Note: this post grew out of an email exchange I had with Stephen Heard last week. Stephen suggested an idea for a post that we both wanted to write. We decided to write our posts independently and post them on the same day. So read this post and then go see what Stephen has to say. I’m curious to see what he has to say too! I predict we said much the same thing, but I hope I’m wrong because that would be more fun. 🙂
Last week I linked to a major case of scientific fraud in psychology. It involved a study of the odometer readings people report to their car insurance companies. Here’s a histogram of one of the key variables in the study:
These data are obviously fake. You ask thousands of people to report how many miles they drove over some period of time, and you get a uniform distribution between 0 and 50,000 miles? Pull the other one, it’s got bells on.

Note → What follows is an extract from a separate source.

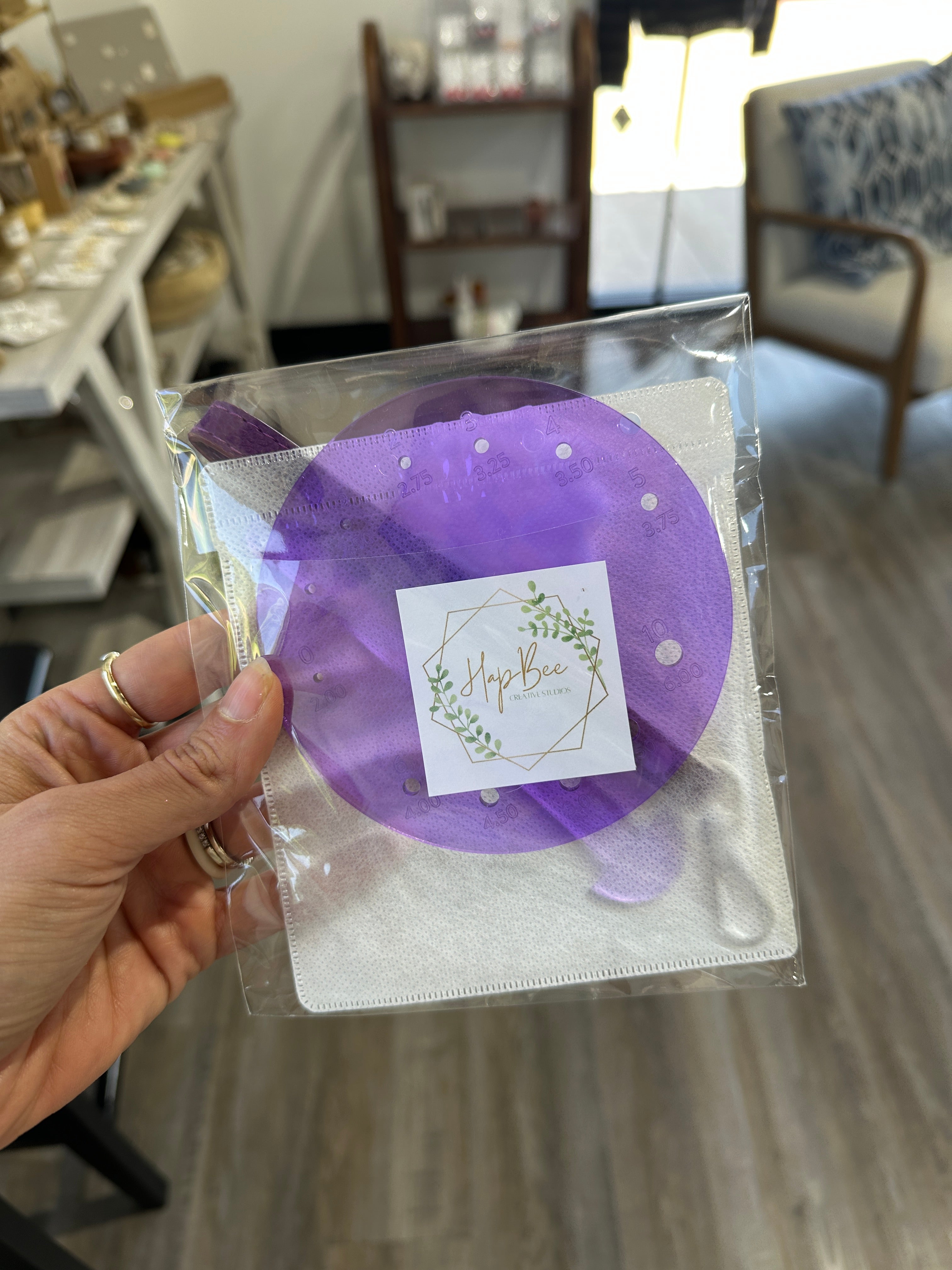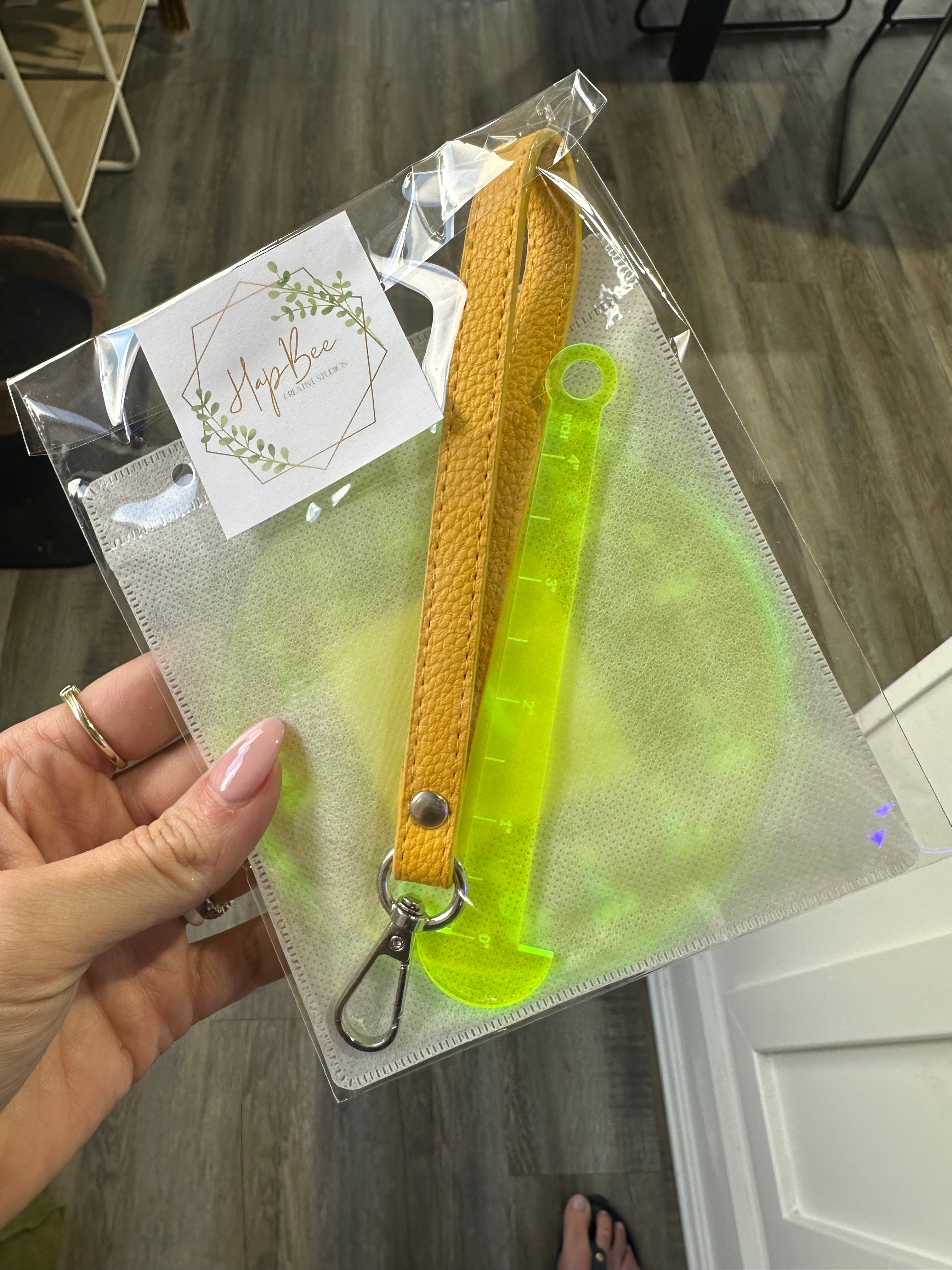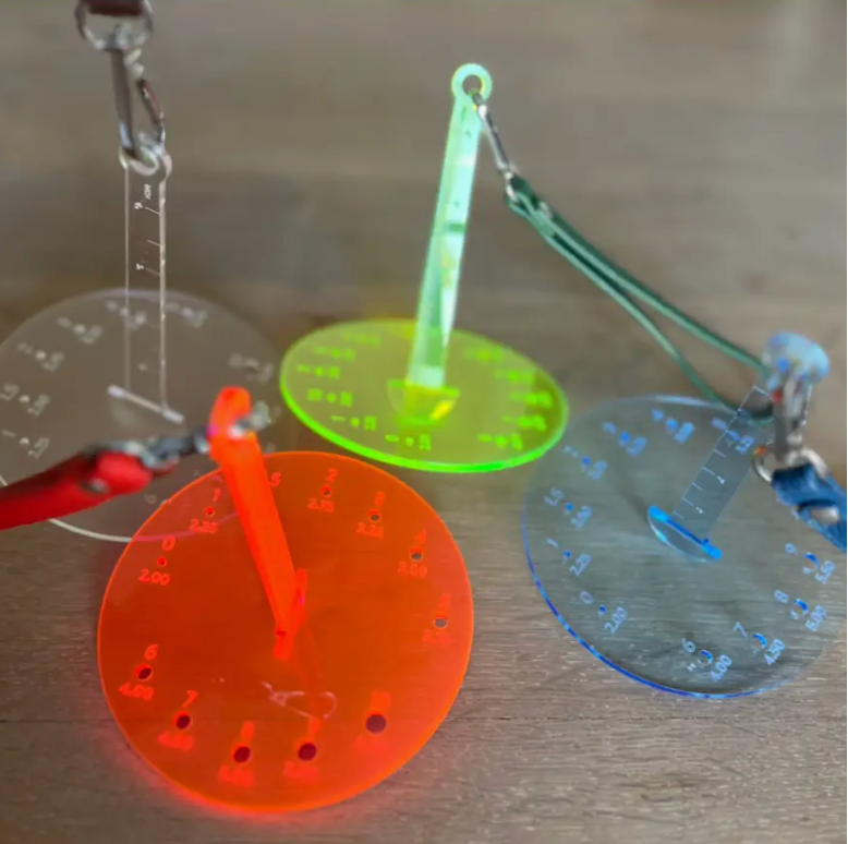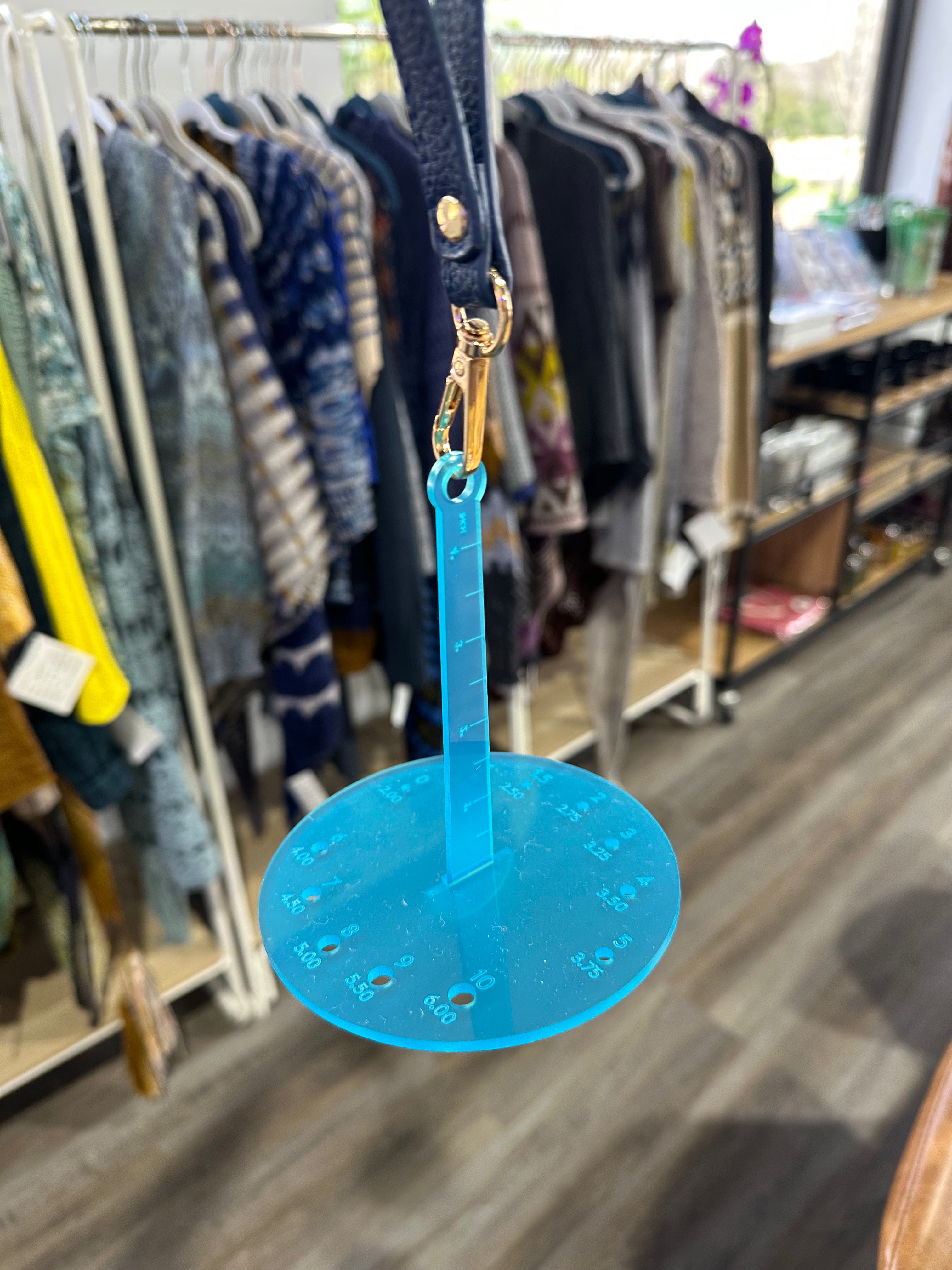 This handy tool does triple duty! A helpful yarn caddy/butler to keep yarn in place. Pop on the strap and away you go to your next adventure with your yarn always handy. The base is a helpful needle gauge, and the stem is a handy 4" T-Square. Packaged in its own storage sleeve (recycled CD cases).
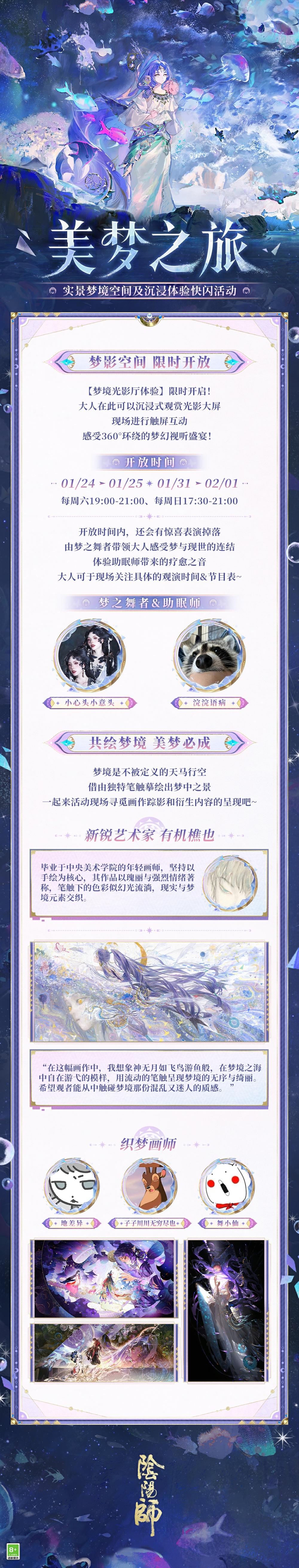 1月23日 - 2月1日,阴阳师「美梦之旅·实景梦境空间」将于 杭州·M511光影汇 展开。“梦之美学”跃出画卷,打破虚实的方圆之界,所有关于梦的瑰丽想象,都在这里变为可步入、可触碰的“梦之间”。

This is a common feature of scientific frauds that involve fake data. Often, the fake data does not stand up to even casual scrutiny.
Which is puzzling. If you’re going to commit scientific fraud, presumably you want to get away with it. So why commit fraud in such a transparently obvious way?
After all, plenty of frauds in other walks of life are designed to stand up to scrutiny. Think of art forgery. Art forgers are very skilled artists. They go to great lengths to make their forgeries stand up to visual inspection by expert art historians who are on the lookout for forgeries. It’s a striking contrast with the laughable obviousness of many scientific frauds.
Or is it? Because there’s an important sense in which the shoddiest scientific fraud and the most careful art forgery are exactly the same. Both are designed to stand up to the scrutiny they’re likely to receive.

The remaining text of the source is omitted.